Dix jours plus tôt, je n'aurais pas remarqué ce livre, mais je venais d'en entendre parler, je l'ai donc acheté.

C'est un livre qui commence par le suicide du personnage principal, à vingt-cinq ans. Le narrateur s'adresse à lui à la deuxième personne du singulier, pour lui rappeler ou lui raconter sa vie (et lorsqu'il dit «Tu…», le lecteur entend «Je me souviens que tu…») et pour lui expliquer ce qu'il a causé ou transformé en se tuant. Quelquefois le narrateur généralise un constat.
Les souvenirs arrivent dans le désordre et sont exposé platement. Ils concernent le caractère ou des actes du suicidé, ses habitudes ou ses réactions. Il est possible que le livre explique lui-même ce désordre:
Tu lisais des dictionnaires comme d'autres lisent des romans. Chaque entrée est un personnage, disais-tu, que l'on peut retrouver dans une autre rubrique. Les actions, multiples, se construisent au fil de la lecture aléatoire. Selon l'ordre, l'histoire change. Un dictionnaire ressemble plus au monde qu'un roman, car le monde n'est pas une suite cohérentes d'actions, mais une constellation de choses perçues. On le regarde, des objets sans rapport entre eux s'assemblent, et la proximité géographique leur donne un sens. Si les événements se suivent, on croit qe c'est une histoire. Mais dans un dictionnaire, le temps n'existe pas: ABC n'est ni plus ni moins chronologique que BCA. Décrire ta vie dans l'ordre serait absude: je me souviens de toi au hasard. Mon cerveau te ressuscite par détails aléatoires, comme on pioche des billes dans un sac.

Edouard Levé, Suicide, p.39-40
Cependant, cette explication de la structure du livre pourrait n'être qu'un leurre. En effet, il me semble que plus le texte avance, plus les séquences consacrées à chaque souvenir se font longues, on passe de descriptions de quelques lignes à des descriptions sur une ou deux pages (l'oral d'examen, la visite du cimetière, les clochards, etc). Cette première impression serait à vérifier systématiquement, car les séquences longues continuent d'être séparées par des paragraphes plus courts.

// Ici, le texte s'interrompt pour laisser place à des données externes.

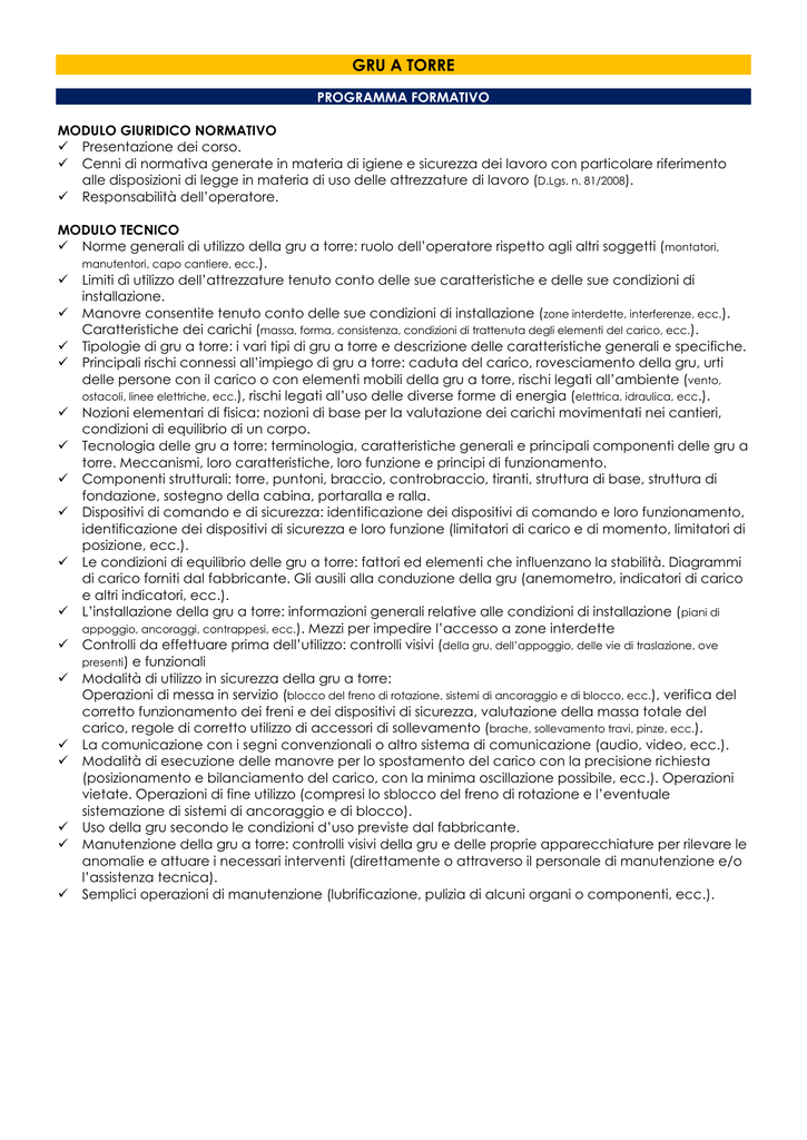 GRU A TORRE PROGRAMMA FORMATIVO MODULO GIURIDICO NORMATIVO Presentazione dei corso. Cenni di normativa generate in materia di igiene e sicurezza dei lavoro con particolare riferimento alle disposizioni di legge in materia di uso delle attrezzature di lavoro (D.Lgs. n. 81/2008). Responsabilità dell’operatore. MODULO TECNICO Norme generali di utilizzo della gru a torre: ruolo dell’operatore rispetto agli altri soggetti (montatori, manutentori, capo cantiere, ecc.). Limiti dì utilizzo dell’attrezzature tenuto conto delle sue caratteristiche e delle sue condizioni di installazione. Manovre consentite tenuto conto delle sue condizioni di installazione (zone interdette, interferenze, ecc.). Caratteristiche dei carichi (massa, forma, consistenza, condizioni di trattenuta degli elementi del carico, ecc.). Tipologie di gru a torre: i vari tipi di gru a torre e descrizione delle caratteristiche generali e specifiche. Principali rischi connessi all’impiego di gru a torre: caduta del carico, rovesciamento della gru, urti delle persone con il carico o con elementi mobili della gru a torre, rischi legati all’ambiente (vento, ostacoli, linee elettriche, ecc.), rischi legati all’uso delle diverse forme di energia (elettrica, idraulica, ecc.). Nozioni elementari di fisica: nozioni di base per la valutazione dei carichi movimentati nei cantieri, condizioni di equilibrio di un corpo. Tecnologia delle gru a torre: terminologia, caratteristiche generali e principali componenti delle gru a torre. Meccanismi, loro caratteristiche, loro funzione e principi di funzionamento. Componenti strutturali: torre, puntoni, braccio, controbraccio, tiranti, struttura di base, struttura di fondazione, sostegno della cabina, portaralla e ralla. Dispositivi di comando e di sicurezza: identificazione dei dispositivi di comando e loro funzionamento, identificazione dei dispositivi di sicurezza e loro funzione (limitatori di carico e di momento, limitatori di posizione, ecc.). Le condizioni di equilibrio delle gru a torre: fattori ed elementi che influenzano la stabilità. Diagrammi di carico forniti dal fabbricante. Gli ausili alla conduzione della gru (anemometro, indicatori di carico e altri indicatori, ecc.). L’installazione della gru a torre: informazioni generali relative alle condizioni di installazione (piani di appoggio, ancoraggi, contrappesi, ecc.). Mezzi per impedire l’accesso a zone interdette Controlli da effettuare prima dell’utilizzo: controlli visivi (della gru, dell’appoggio, delle vie di traslazione, ove presenti) e funzionali Modalità di utilizzo in sicurezza della gru a torre: Operazioni di messa in servizio (blocco del freno di rotazione, sistemi di ancoraggio e di blocco, ecc.), verifica del corretto funzionamento dei freni e dei dispositivi di sicurezza, valutazione della massa totale del carico, regole di corretto utilizzo di accessori di sollevamento (brache, sollevamento travi, pinze, ecc.). La comunicazione con i segni convenzionali o altro sistema di comunicazione (audio, video, ecc.). Modalità di esecuzione delle manovre per lo spostamento del carico con la precisione richiesta (posizionamento e bilanciamento del carico, con la minima oscillazione possibile, ecc.). Operazioni vietate. Operazioni di fine utilizzo (compresi lo sblocco del freno di rotazione e l’eventuale sistemazione di sistemi di ancoraggio e di blocco). Uso della gru secondo le condizioni d’uso previste dal fabbricante. Manutenzione della gru a torre: controlli visivi della gru e delle proprie apparecchiature per rilevare le anomalie e attuare i necessari interventi (direttamente o attraverso il personale di manutenzione e/o l’assistenza tecnica). Semplici operazioni di manutenzione (lubrificazione, pulizia di alcuni organi o componenti, ecc.). MODULO PRATICO (GRU A ROTAZIONE ALTA E BASSA) Individuazione dei componenti strutturali: torre, puntoni, braccio, controbraccio tiranti, struttura di base, struttura di fondazione, sostegno della cabina, portaralla e ralla, vie di traslazione (per gru traslanti). Individuazione dei dispositivi di comando e di sicurezza: identificazione dei dispositivi di comando e loro funzionamento, identificazione dei dispositivi di sicurezza e loro funzione. Controlli pre-utilizzo: controlli visivi e funzionali della gru, dei dispositivi di comando e di sicurezza previsti dal costruttore e dal manuale di istruzioni della gru. Diagrammi di carico. Prove dei dispositivi di ausilio alla conduzione e dei dispositivi di sicurezza (anemometro, indicatori di carico e altri indicatori, limitatori di carico e di momento, dispositivi anti-interferenza, ecc.). Condizioni di installazione (piani di appoggio, ancoraggi, contrappesi, barriere contro l’accesso a zone interdette). Utilizzo della gru a torre; operazioni di messa in servizio (blocco del freno di rotazione, sistemi di ancoraggio e di blocco, ecc.). Verifica del corretto funzionamento dei freni e dei dispositivi di sicurezza. Accesso alla cabina. Valutazione della massa totale del carico. Utilizzo di accessori di sollevamento (brache, sollevamento travi, pinze, ecc.). Esecuzione delle manovre per lo spostamento del carico con la precisione richiesta (posizionamento e bilanciamento del carico, con la minima oscillazione possibile, ecc.). Uso dei comandi posti su pulsantiera pensile. Uso dei comandi posti su unità radio-mobile. Uso accessori d’imbracatura, sollevamento e sgancio dei carichi. Spostamento del carico attraverso ostacoli fissi e aperture, avvicinamento e posizionamento al suolo e su piani rialzati- Arresto della gru sul luogo di lavoro (messa fuori servizio in caso d’interruzione dell’esercizio normale). Controlli giornalieri della gru a torre, prescrizioni operative per la messa fuori servizio e misure precauzionali in caso di avverse condizioni meteorologiche. Operazioni di fine-utilizzo: controlli visivi e funzionali della gru, dei dispositivi di comando e di sicurezza previsti dal costruttore e dal manuale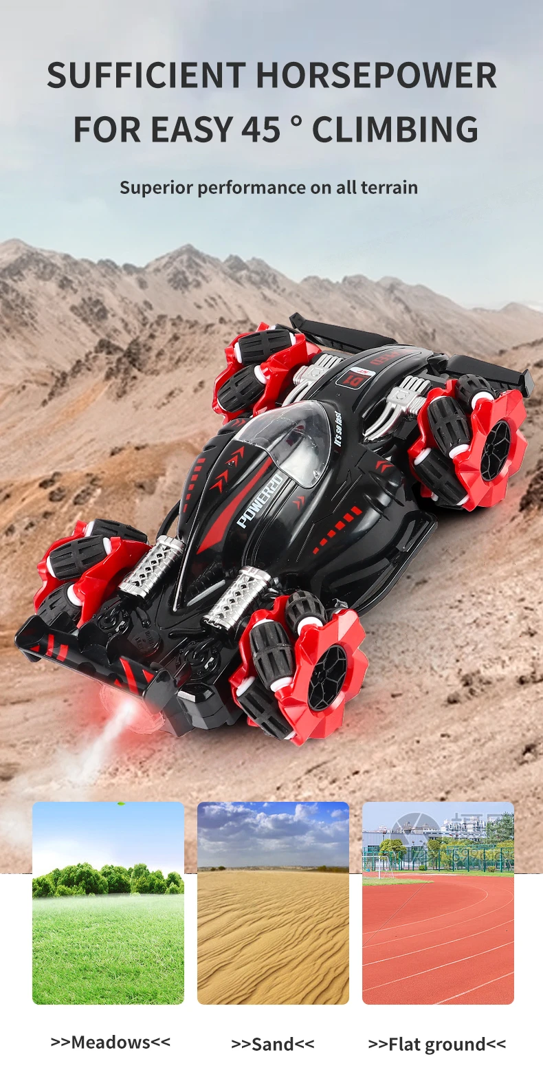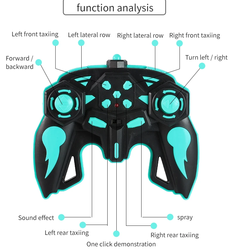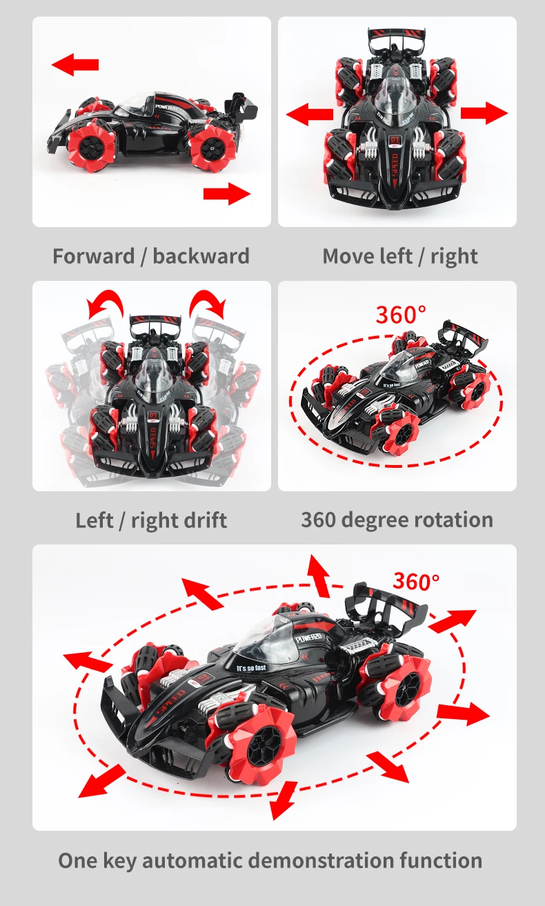 1. Spray Stunt Car: Spray, 360° in situ rotation, 45 ° climbing,music,light,forward,backward, left drift, right drift, lateral drift, stunt rotation, led dazzling light, one button demonstration function;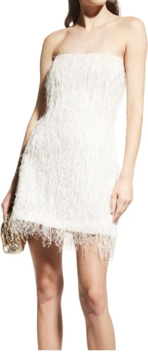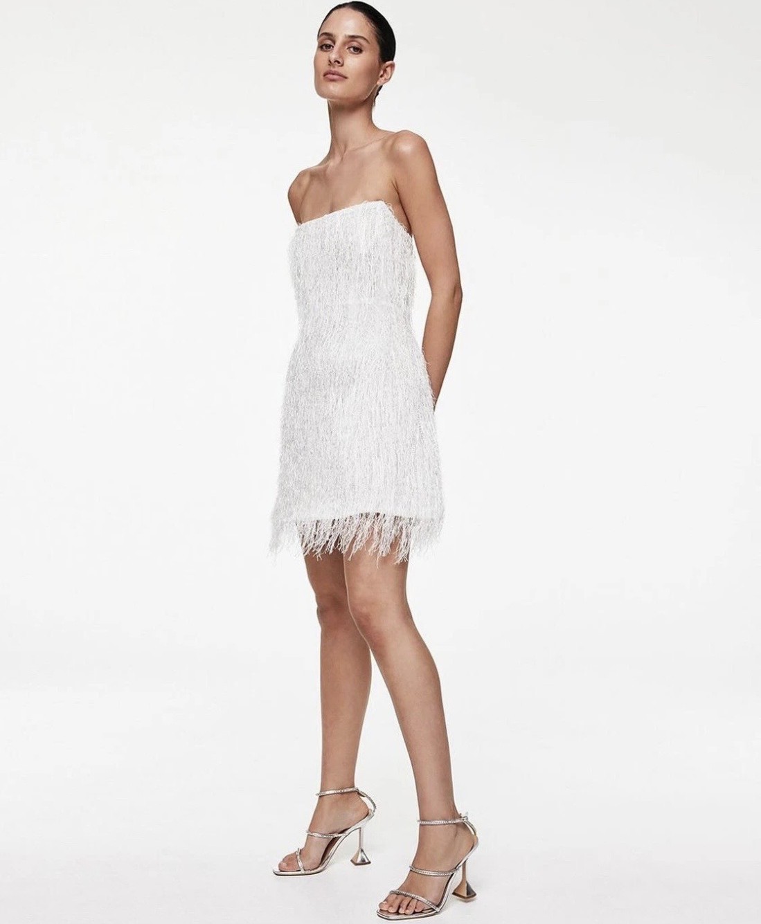 The curve neckline beautifully accentuates the décolletage, while the low back adds a touch of sensuality. Strapless yet secure, this dress allows for ease of movement as you twirl on the dance floor. Above-the-knee length enhances the playful nature of the dress, making it an ideal choice for a chic city wedding or a stylish reception.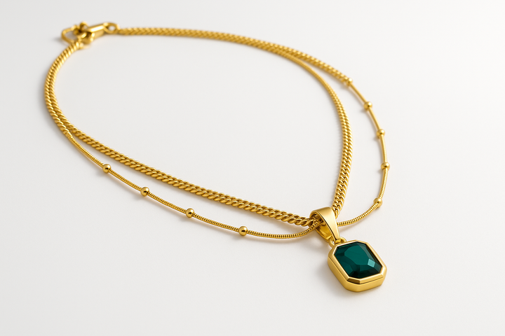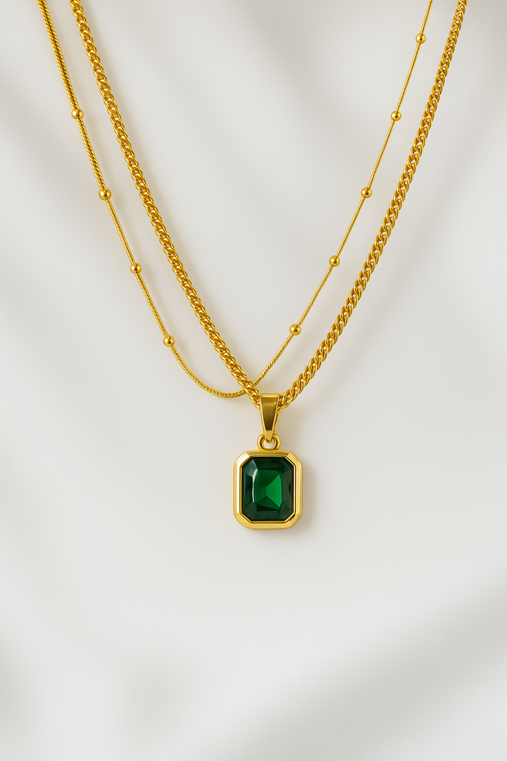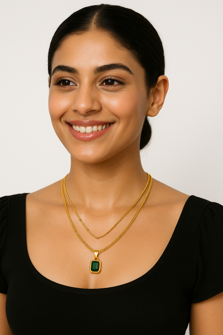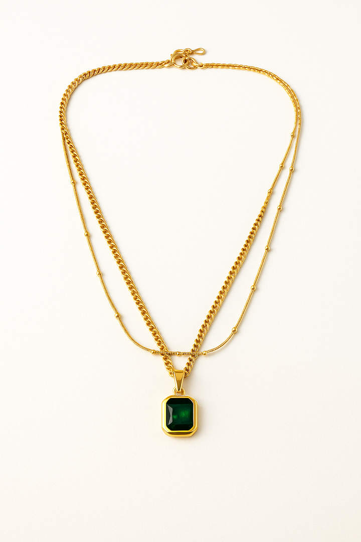 Ziwels Emerald Green Pendant Layered Necklace – 18K Gold Plated Stainless Steel | Anti-Tarnish & Waterproof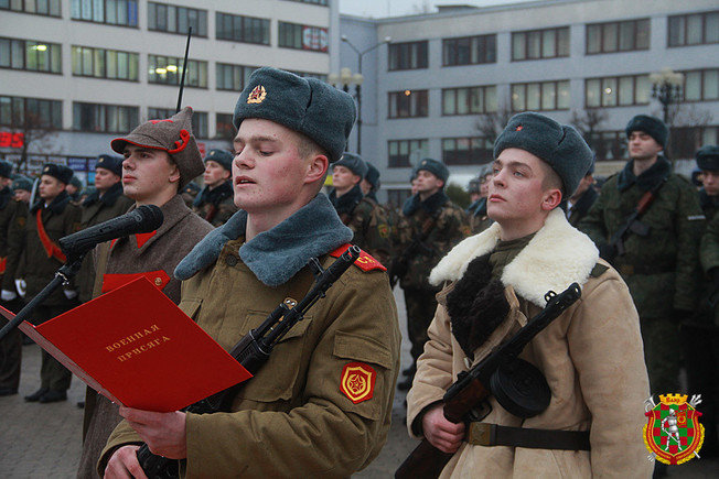 «Могу заверить, что присяга на верность белорусскому народу была принята в соответствии с законодательством Республики Беларусь, клялись по-белорусски и по-русски, — говорит Макаров. — А перед гостями и новым пополнением была показана реконструкция ритуала военной присяги солдатами разных периодов XX века. Реконструкция была именно для гостей праздника, было подчеркнуто, что наши отцы и деды шли в бой с фашистскими захватчиками в годы Второй мировой войны».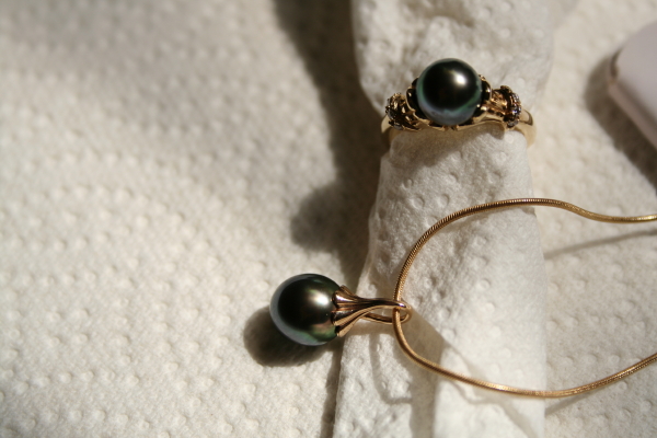 They were purchased at different times, although, it's the same designer: Steven Lee of Hawaii. I love the settings of the ring and pendant too. The ring and pendant are from Grande's Gems & Gallery on the island of Kauai, Hawaii. Earrings ...I don't remember which store. The ring is 8.2mm on 14K setting and the floral part near the ring is 18K with 8 diamonds totaling a teeny .05 cttw. The drop pendant is 9.2mm on snake chain. He makes the matching dangle earrings too, but the gold setting was too long for me. So I settled for the ribbon swirl earrings, 9 mm round. The PG vendors' prices are much more attractive. I haggled on prices a little bit. I don't think I did too bad on the ring and pendant, but I really got ripped off on the earrings. Don't even ask me more about prices, I am sooooo embarassed.

Les causes du suicide ne sont pas données. «Expliquer ton suicide, personne ne s'y est risqué», p.21. Le texte dépeint un personnage qui manque d'intérêt pour la vie, peut-être plus curieux de la mort que de la vie. Cependant, mon esprit pervers ne peut s'empêcher de rapprocher le seul prénom qui apparaît, "Christophe", à quelques pages de la fin, associé à une grande joie, d'une phrase donnée au début du texte «Un homme t'a dit un jour "Je t'aime". Ce n'était pas moi», p.16.

Evidemment, cela est ridicule: cela ne revient-il pas à chercher une cause "personnelle" aux agissement d'un personnage?
Cependant, ici, la tentation de trouver un sens est justifiée par l'histoire du livre: l'auteur, quelques semaines après en avoir remis le texte à son éditeur, s'est suicidé, sans que l'on sache si la raison en était une trop grande identification à son personnage ou s'il fallait lire ce livre comme une lettre d'adieu.

J'ai hésité à exposer ce fait car il change la lecture du livre. Lire en sachant que l'auteur s'est suicidé n'est pas la même chose que lire sans le savoir.%%% Que souhaitait Edouard Levé? Qu'on le sût avant de commencer notre lecture, ou pas? Faut-il lire l'extrait suivant comme une malice («Toi lecteur dans la confidence, tu seras incapable de te taire») ou simplement comme un constat?
Ta façon de quitter la vie en a réécrit l'histoire sous forme négative. Ceux qui te connurent relisent chacun de tes gestes à la lumière du dernier. L'ombre de ce grand arbre noir cache désormais la forêt que fut ta vie. Quand on parle de toi, on commence par raconter ta mort, avant de remonter le temps pour l'expliquer. N'est-il pas singulier que ce geste ultime inverse ta biographie? Je n'ai entendu personne, depuis ta mort, raconter ta vie en commençant par le début. Ton suicide est devenu l'acte fondateur, et tes actes antérieurs, que tu croyais libérer du poids du sens par ce geste dont tu aimais l'absurdité, s'en trouvent au contraire aliénés. Ta dernière seconde a changé ta vie aux yeux des autres. Tu es comme cet acteur qui, à la fin de la pièce, révèle par un dernier mot qu'il fut un autre personnage que celui dont il tenait le rôle.

ibid., p.35
Ajoutons que c'est ainsi que commence le livre: par le récit du suicide.

Le livre se termine par des poèmes, des tercets, composés d'un nom et d'un verbe («Le début m'enthousiasme») ou d'un verbe et d'un verbe (Fredonner me berce).